With the techno-centric understanding of digital technology, a DG Digital would be tasked with repeating the maxim: “don’t mess with digital tech, everything will be fine except if you mess it up by trying to intervene”. (In fact, why not put that on a framed embroidery in every meeting room in all EU institutions and save the tax payers some money on the Director General’s wages?)

Techno-scepticism on the other hand, acknowledges technology as an influential force, but one among others. Economy, law, individual decisions, human preference, ideology and many other factors are also in play. Jaron Lanier sees Moore’s law as an inspiration for R&D-departments rather than an outside force. He mocks the religious aspects of techno-centrism. The techno-centric buzzwords are rather slogans to protect the business interests of a few Silicon Valley outfits, who compete just as much with each other using patents, marketing, lobbying, geo-political influence and other old-world forces of power as weapons. What technologies are adopted by the users may be just as much a consequence of marketing budgets, flashy design, PR-stunts, celebrity endorsements and chance, as the quality of the service. To techno-sceptics, there is not a single, right and inevitable way that technology can develop, but many different possibilities. Which ones end up winning (or rather being temporary top dogs, because techno-sceptics believe most things change with time) depends on things like competing standards (remember VHS vs Beta?), government investment and intervention, litigation in patent and competition cases, black swans, trends in public taste, competition from emerging markets, the battle for power between the Silicon Valley-giants, butter-fly effects, the economy’s boom- and bust-cycles (or perhaps they think that concept is too simplistic?), whims by CEOs, policy-makers, and you and me. And many other factors… actually techno-sceptics probably believe the list is endless. To techno-sceptics, “the internet” is a misnomer because there are many different digital networks with different functions, priorities and set-ups, it can not be regarded as a unified technology and it certainly does not want anything in particular.
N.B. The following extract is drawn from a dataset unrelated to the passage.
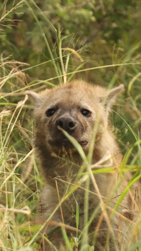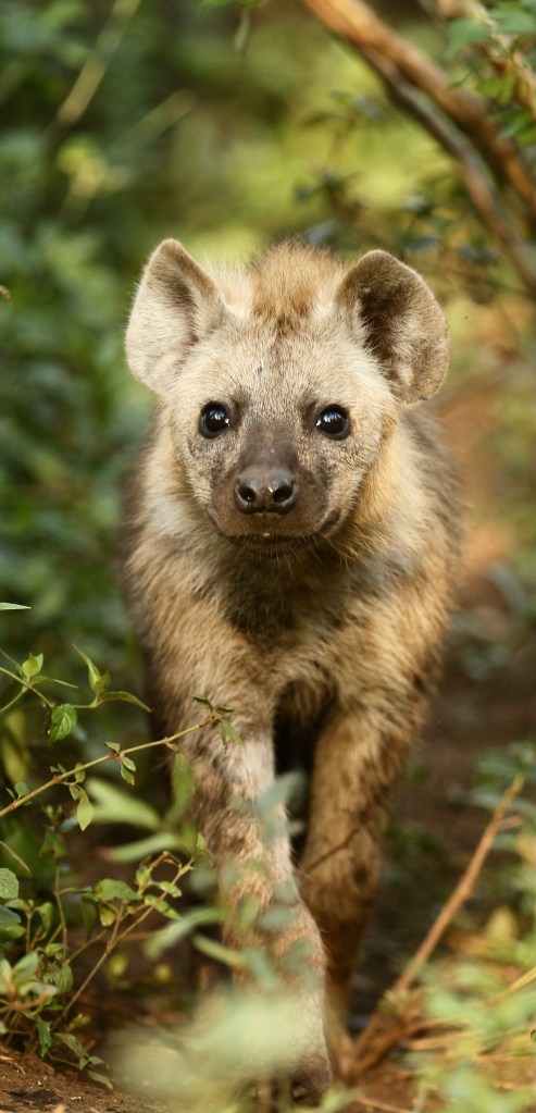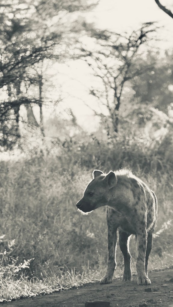 One can almost see this young hyena thinking: ‘I wish I could climb trees’; as she was watching a Leopard eating on an Impala carcass while lying on a branch. Leopards often drag their kills into trees and Hyenas often trail Leopards in the hope to steal the food before they get a chance to lift it to safety.

Techno-sceptics (including this writer!) also enjoy reminding techno-centrics that the internet was invented by the US military (and TOR more specific by the US Navy) and that dictators love to work in tandem with telecoms and internet services to weed out dissidents. The techno-sceptics’ main issue is that they look like bores and have no snappy one-liners on things like growth, hunger and climate change, rather pointing to complexity than simplicity. They also run the risk of being tempted to embrace everything techno-critical message as a truth (thus becoming techno-critics, who are much more dogmatic than –sceptics).